I want to show distinct cities of Users in the front end dropdown. For that, i make a db query which fetches distinct city_name
from table City
but only those cities where users are present.
Something like below works for a small size of User
table, but takes a very long time if User
table in of size 10 million. Distinct cities of these users are still ~100 though.
class City(models.Model):
city_code = models.IntegerField(unique=True)
city_name = models.CharField(max_length=256)
class User(models.Model):
city = models.ForeignKey('City', to_field='city_code')
Now i try to search distinct city names as:
City.objects.filter().values_list('city__city_name').distinct()
which translates to this on PostgreSQL:
SELECT DISTINCT "city"."city_name"
FROM "user"
LEFT OUTER JOIN "city"
ON ("user"."city_id" = "city"."city_code");
Time: 9760.302 ms
That clearly showed that PostgreSQL was not making use of index on 'user'.'city_id'. I also read about a workaround solution here which involved writing a custom SQL query which somehow utilizes index.
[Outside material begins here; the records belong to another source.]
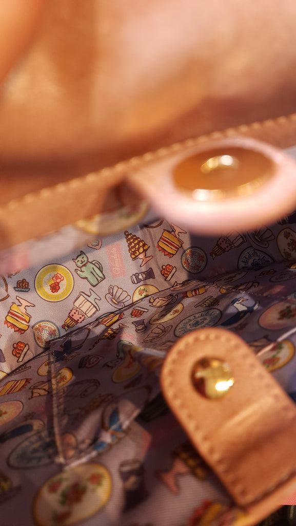 On the back there is a zip compartment and inside there is another zip compartment and a pocket.  The inside lining is a pretty tearoom theme.  All Vendula handbags come with a pink dust bag for storage.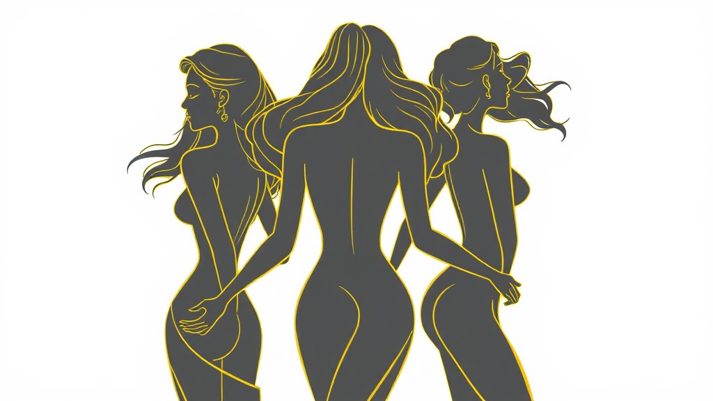 An illustration of three women with fluid, intertwining poses, their figures defined by bold yellow outlines against a minimalist background, capturing a sense of graceful movement and unity. The artwork embraces a tall and narrow aspect, drawing attention to the harmony and elegance of the composition.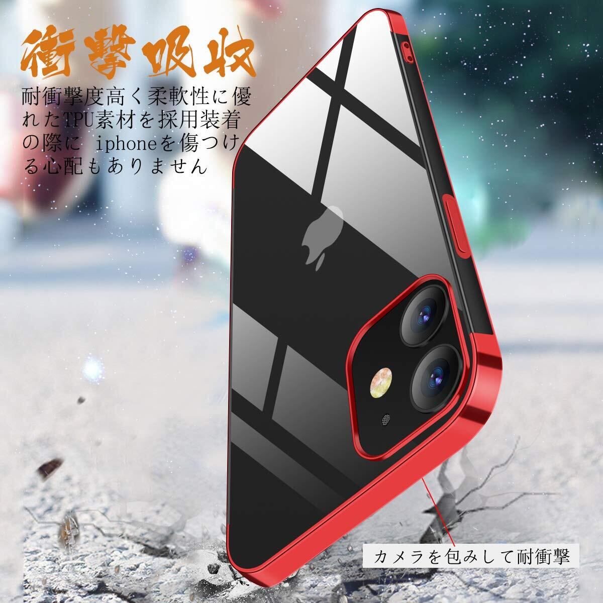 iPhone 12 mini ケース クリア スリム tpu 薄型 5.4インチ iphone12 mini カバー スマホケース 耐衝撃 透明 ストラップホール シリコン メッキ加工 軽量 アイフォン12 mini ケース (レッド)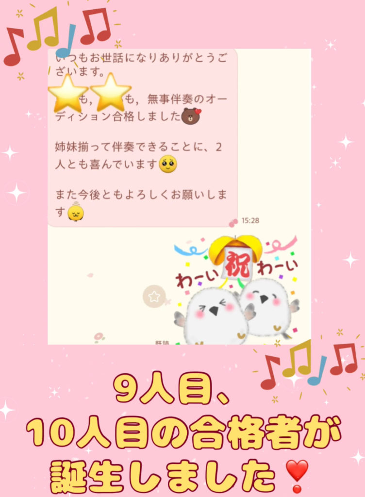 先月、日本クラシック音楽コンクールにおいて予選通過したAちゃんとNちゃんが、小学校の音楽会・合唱伴奏オーディションにも見事合格しましたー🎉\(^o^)/おめでとー❣️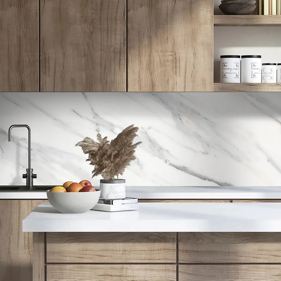 Crédence de cuisine effet marbre blanc IDPanneaux L. 255 x H. 60 cm
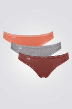 מארז שלישיית תחתוני טנגה מבית המותג SLOGGI, עשויים מבד רך נעים לנוחות מוגברת במהלך היום.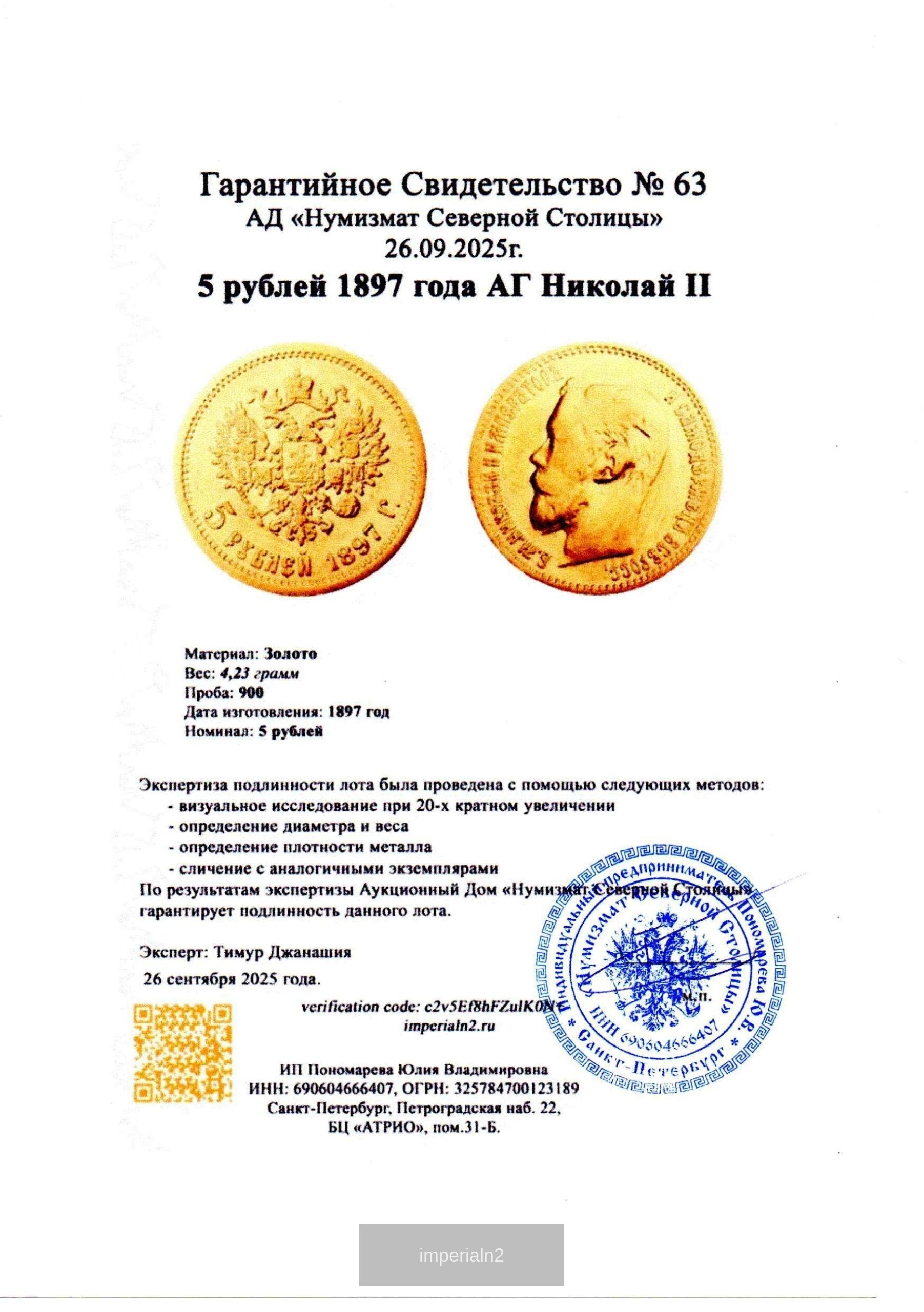 Место проведения экспертизы: Россия, г. Санкт-Петербург, ул. Восстания д.1, «Нумизмат Северной Столицы»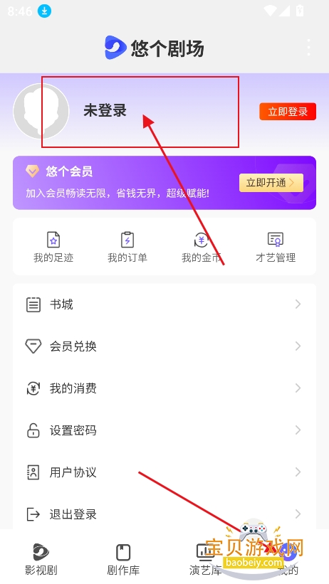 1、进入我的界面,点击“未登录”
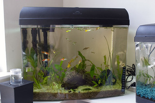 Using it as a breeder tank for now. Moved back the black female guppy that Erin swears is pregnant (and who has given birth to 4 fry so far in the last month or so) along with her 2 most recent fry. I think I'm gonna try to get away from guppies as much as possible now. May keep maybe a pair for Erin but no more.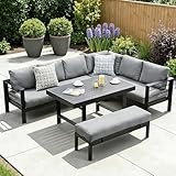 - Modernes Ecksofa-Set für 6-8 Personen: Dieses großzügige Ecksofa-Set aus Aluminium bietet Platz für 6-8 Personen und besteht aus einem stilvollen Ecksofa, einem praktischen Tisch und einer zusätzlichen Sitzbank. Perfekt für Garten, Terrasse oder Balkon – ideal für gesellige Stunden mit Familie und Freunden.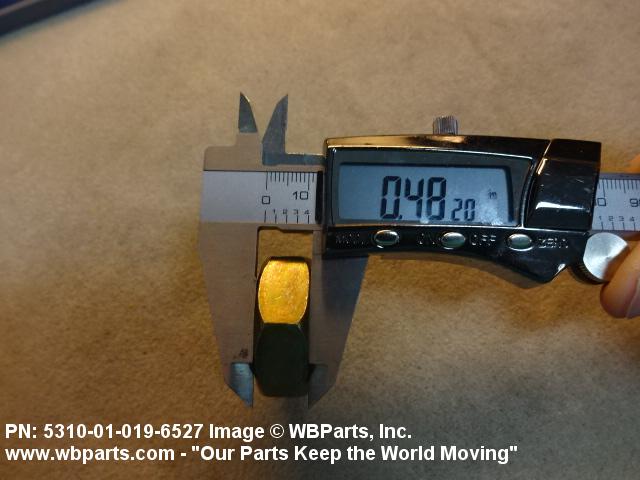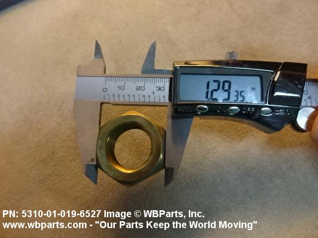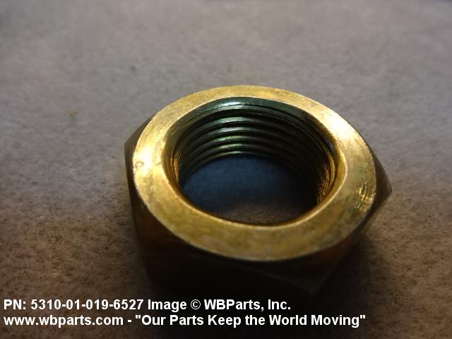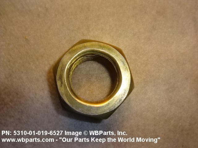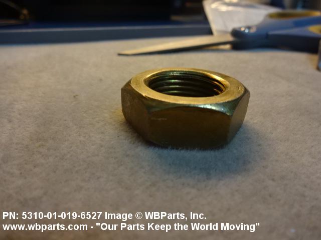 5310-01-019-6527 A nut, flat on top and bottom having 6 flat sides. For items which have internal tapered or straight (parallel) pipe threads, specific electrical conduit size designation, and which when installed, provide a method of tightening to lock the connection, see LOCKNUT, ELECTRICAL CONDUIT. See also LOCKNUT, TUBE FITTING. For items having a thickness (or height) exceeding two times the width across the flats, use POST, ELECTRICAL-MECHANICAL EQUIPMENT. (When height or thickness and/or width across the flats is designated as a tolerance dimension, the maximum dimension will be used to determine compliance.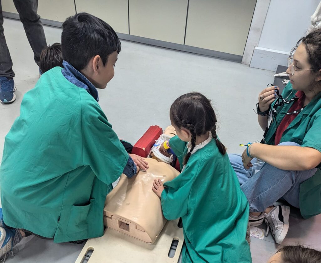 En la imagen, los más pequeños se convierten en médicos y realizan una RCP en el hospital de Micrópolix
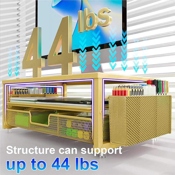 gianotter Desk Organizers and Accessories, Monitor Stand with Drawer and 2 Pen Holder, Desktop Organizer Suitable for Offices and Dormitories (Gold)
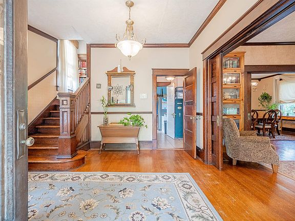This charming historic property exudes timeless character and offers a truly enchanting living experience. Boasting 4 bedrooms and 3 full bathrooms, this residence combines spaciousness with classic elegance. As you step inside, you'll be captivated by the beautiful hardwood floors that grace the main level, while the carpet upstairs hides the treasure of hardwood waiting to be revealed. The warmth of the living room is enhanced by a cozy gas fireplace. The allure of this home continues with its unique pocket doors, allowing for both privacy and a seamless flow between rooms. The kitchen features marble countertops accented by tile backsplash. The primary suite offers the convenience of a dedicated laundry area and spacious walk-in closet. Attention to detail extends beyond the interior, as the lower roof has been recently replaced. The front porch has also been lovingly painted, adding to the property's curb appeal and welcoming ambiance. Situated across the street from Kiwanas Park!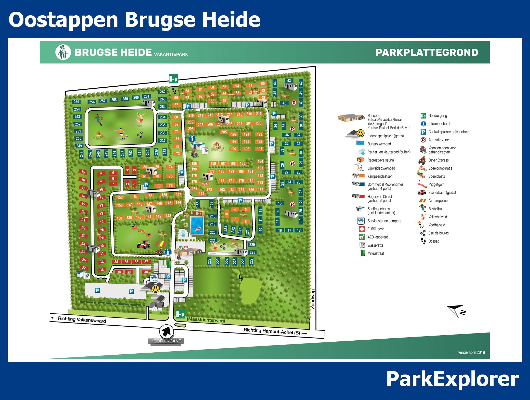 Aktueller und übersichtlicher Parkplan von Oostappen Brugse Heide mit alle Unterkünfte und Einrichtungen, auch als PDF herunterladbar.
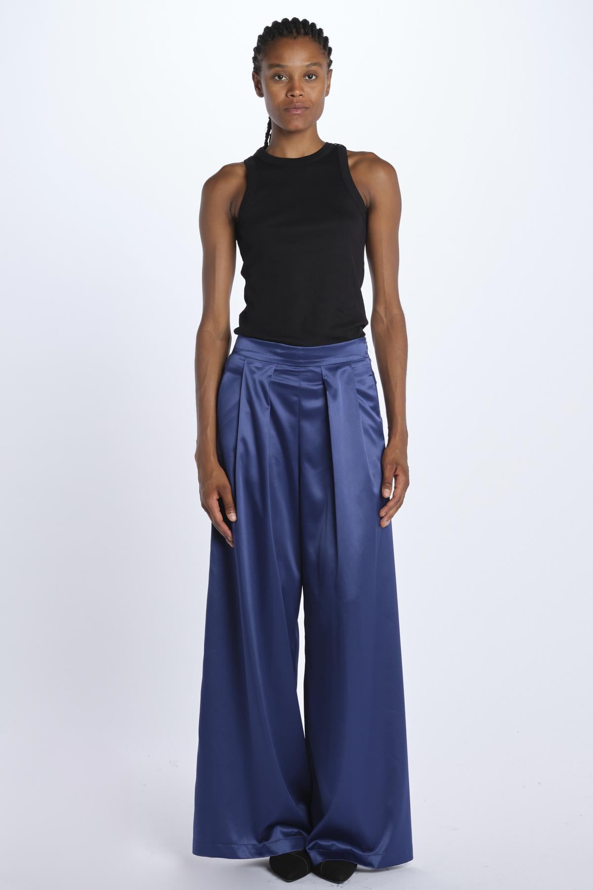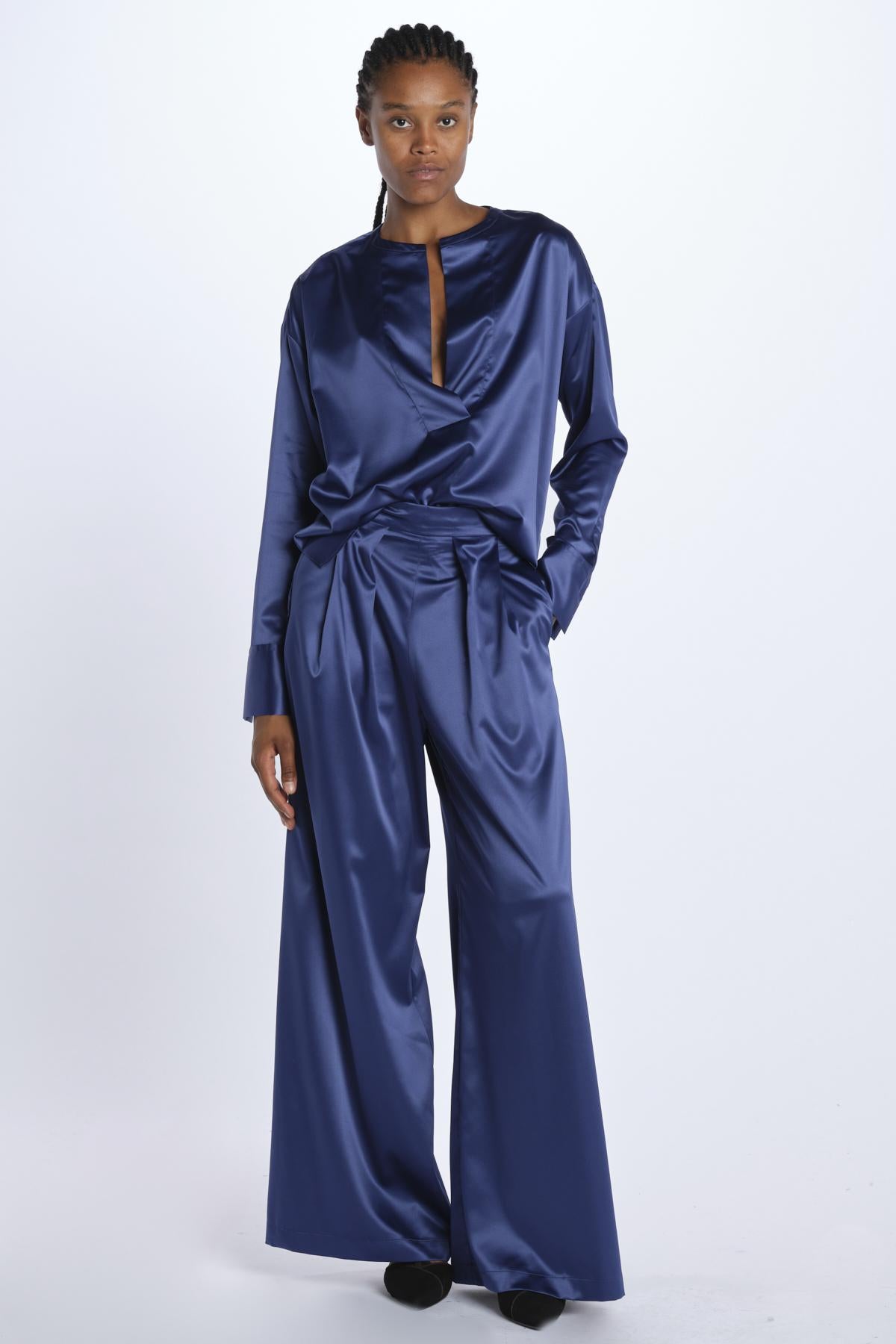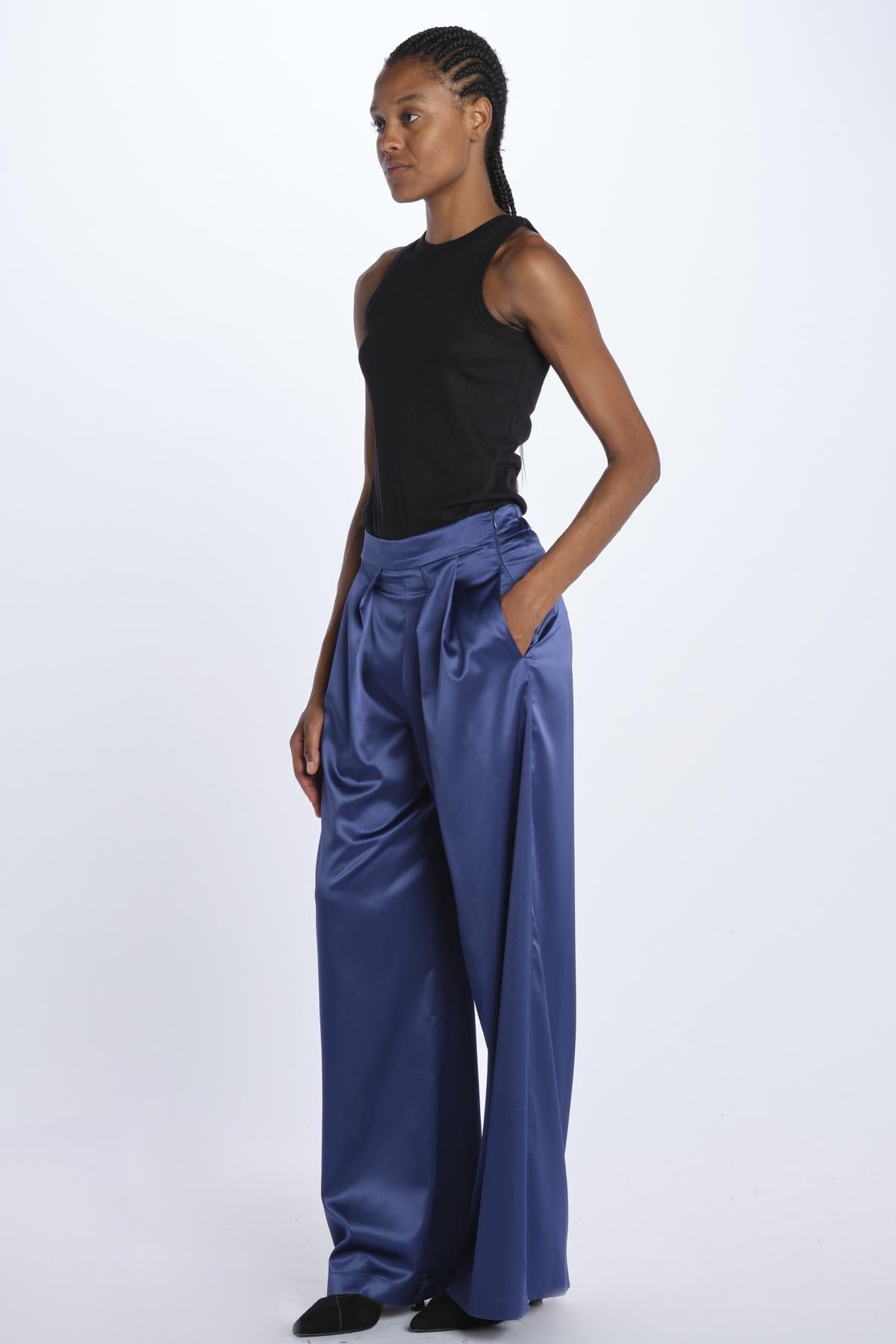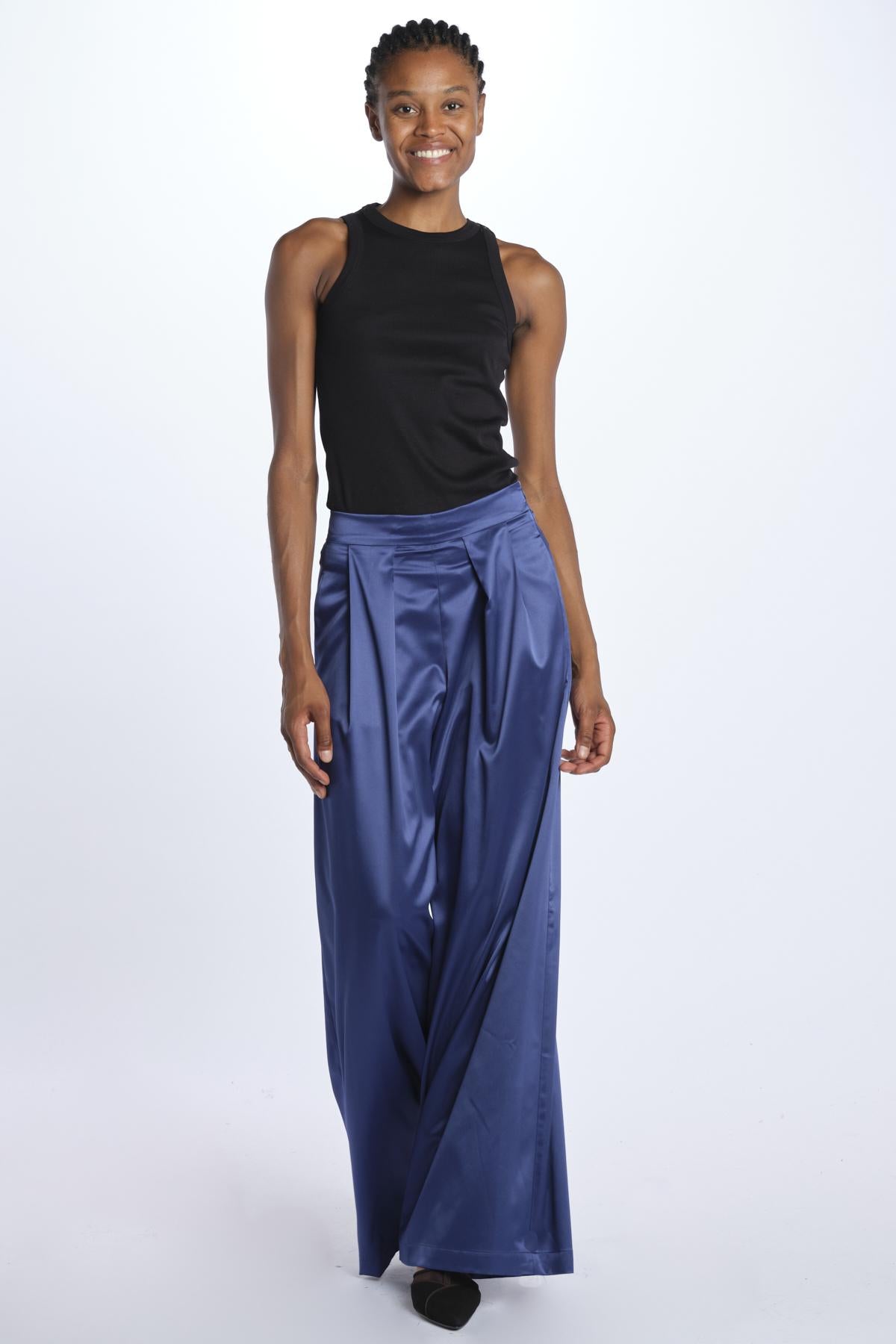 Satin trousers by milaura rtw 2 pleats. The model is 174 cm tall and wears a 38. Composition: 97% polyester, 3% elastane.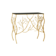 The Sterling Rectangular Table With Black Top brings contemporary flair with its gold finish and glinting acrylic details. This console table features a wood top and gold metal frame, offering a stylish and functional addition to any modern interior.

I tried to find distinct 'user'.'city_id' using the above query, and that actually turned out to be pretty fast.
WITH
RECURSIVE t(n) AS
(SELECT min(city_id)
FROM user
UNION
SELECT
(SELECT city_id
FROM user
WHERE city_id > n order by city_id limit 1)
FROM t
WHERE n is not null)
SELECT n
FROM t;
Time: 79.056 ms
But now i am finding it hard to incorporate this in my Django code. I still think it is a kind of hack adding custom query in the code for this. But a bigger concern for me is that the column name can be totally dynamic, and i can not hardcode these column names (eg. city_id, etc.) in the code.
#original_fields could be a list from input, like ['area_code__district_code__name']
dataset_klass.objects.filter().values_list(*original_fields).distinct()
Using the custom query would need atleast splitting the field name with '__' as delimiter and process the first part. But it looks like a bad hack to me.
How can i improve this?
PS. The City
User
example is just shown to explain the scenario. The syntax might not be correct.